• DIRECTIONS FOR THIS TASK
What lines of the data include the string "زندگی"? Copy them all.

Dataset items:
--*--
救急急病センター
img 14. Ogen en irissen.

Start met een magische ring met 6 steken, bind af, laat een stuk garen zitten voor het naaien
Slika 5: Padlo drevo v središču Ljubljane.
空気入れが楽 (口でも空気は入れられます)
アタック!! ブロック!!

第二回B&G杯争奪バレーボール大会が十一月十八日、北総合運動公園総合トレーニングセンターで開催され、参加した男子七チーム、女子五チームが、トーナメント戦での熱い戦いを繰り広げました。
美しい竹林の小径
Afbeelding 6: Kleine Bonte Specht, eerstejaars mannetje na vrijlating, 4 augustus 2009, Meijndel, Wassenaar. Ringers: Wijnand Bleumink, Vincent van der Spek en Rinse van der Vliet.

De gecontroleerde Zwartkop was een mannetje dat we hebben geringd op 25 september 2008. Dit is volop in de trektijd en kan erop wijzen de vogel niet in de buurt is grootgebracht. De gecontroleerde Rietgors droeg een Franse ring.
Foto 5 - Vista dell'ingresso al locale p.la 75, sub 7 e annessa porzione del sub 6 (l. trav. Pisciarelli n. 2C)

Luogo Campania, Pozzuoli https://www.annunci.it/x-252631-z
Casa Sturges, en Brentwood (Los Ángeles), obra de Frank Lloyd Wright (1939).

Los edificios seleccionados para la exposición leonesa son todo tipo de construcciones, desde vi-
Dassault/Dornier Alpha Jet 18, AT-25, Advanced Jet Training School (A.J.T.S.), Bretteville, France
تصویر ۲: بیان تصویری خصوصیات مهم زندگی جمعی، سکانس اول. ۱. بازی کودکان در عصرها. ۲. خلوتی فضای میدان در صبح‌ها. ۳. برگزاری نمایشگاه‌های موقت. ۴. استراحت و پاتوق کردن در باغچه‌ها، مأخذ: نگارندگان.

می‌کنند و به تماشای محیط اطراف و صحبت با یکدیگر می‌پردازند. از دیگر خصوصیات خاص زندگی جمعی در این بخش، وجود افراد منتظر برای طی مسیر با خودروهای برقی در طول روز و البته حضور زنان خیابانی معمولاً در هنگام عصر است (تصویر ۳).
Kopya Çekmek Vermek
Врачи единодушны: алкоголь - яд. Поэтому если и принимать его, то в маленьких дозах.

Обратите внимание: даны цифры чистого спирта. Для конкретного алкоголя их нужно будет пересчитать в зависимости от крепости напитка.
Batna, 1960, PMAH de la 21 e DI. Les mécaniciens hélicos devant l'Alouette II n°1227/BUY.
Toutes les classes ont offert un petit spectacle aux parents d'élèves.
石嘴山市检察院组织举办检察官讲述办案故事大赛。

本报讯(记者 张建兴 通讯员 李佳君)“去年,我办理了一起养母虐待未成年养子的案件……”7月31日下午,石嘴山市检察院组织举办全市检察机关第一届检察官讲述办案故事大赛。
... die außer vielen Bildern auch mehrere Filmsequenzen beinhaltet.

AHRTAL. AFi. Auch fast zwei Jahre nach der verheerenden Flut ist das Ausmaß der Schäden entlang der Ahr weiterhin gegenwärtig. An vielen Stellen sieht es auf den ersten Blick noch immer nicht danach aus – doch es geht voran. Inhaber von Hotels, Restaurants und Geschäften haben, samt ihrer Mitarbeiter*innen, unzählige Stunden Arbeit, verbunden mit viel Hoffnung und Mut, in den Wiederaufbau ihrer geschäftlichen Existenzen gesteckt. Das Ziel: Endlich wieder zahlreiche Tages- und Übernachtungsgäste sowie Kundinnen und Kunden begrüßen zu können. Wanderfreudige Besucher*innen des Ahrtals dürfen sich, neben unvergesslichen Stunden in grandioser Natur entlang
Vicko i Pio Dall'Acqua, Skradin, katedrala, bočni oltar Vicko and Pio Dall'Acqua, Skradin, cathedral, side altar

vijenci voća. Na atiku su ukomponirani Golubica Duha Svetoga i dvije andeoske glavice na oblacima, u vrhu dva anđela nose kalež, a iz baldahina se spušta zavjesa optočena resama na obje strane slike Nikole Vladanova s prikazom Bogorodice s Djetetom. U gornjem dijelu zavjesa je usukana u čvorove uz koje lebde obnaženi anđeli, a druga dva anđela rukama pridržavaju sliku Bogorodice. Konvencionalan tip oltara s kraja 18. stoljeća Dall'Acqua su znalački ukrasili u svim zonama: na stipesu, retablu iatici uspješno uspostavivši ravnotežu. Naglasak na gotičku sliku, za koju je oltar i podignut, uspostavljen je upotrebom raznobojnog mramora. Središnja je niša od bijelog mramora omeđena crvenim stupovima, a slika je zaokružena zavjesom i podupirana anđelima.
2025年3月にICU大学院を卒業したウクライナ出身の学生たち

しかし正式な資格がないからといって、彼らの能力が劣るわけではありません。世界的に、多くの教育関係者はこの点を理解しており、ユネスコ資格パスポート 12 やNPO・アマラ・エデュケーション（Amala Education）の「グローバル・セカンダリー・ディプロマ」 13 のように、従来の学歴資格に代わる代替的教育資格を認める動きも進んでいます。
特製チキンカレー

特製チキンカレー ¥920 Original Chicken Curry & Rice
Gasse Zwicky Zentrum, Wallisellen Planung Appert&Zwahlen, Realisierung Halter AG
--*--
• PROBLEM SOLUTION
تصویر ۲: بیان تصویری خصوصیات مهم زندگی جمعی، سکانس اول. ۱. بازی کودکان در عصرها. ۲. خلوتی فضای میدان در صبح‌ها. ۳. برگزاری نمایشگاه‌های موقت. ۴. استراحت و پاتوق کردن در باغچه‌ها، مأخذ: نگارندگان.
می‌کنند و به تماشای محیط اطراف و صحبت با یکدیگر می‌پردازند. از دیگر خصوصیات خاص زندگی جمعی در این بخش، وجود افراد منتظر برای طی مسیر با خودروهای برقی در طول روز و البته حضور زنان خیابانی معمولاً در هنگام عصر است (تصویر ۳).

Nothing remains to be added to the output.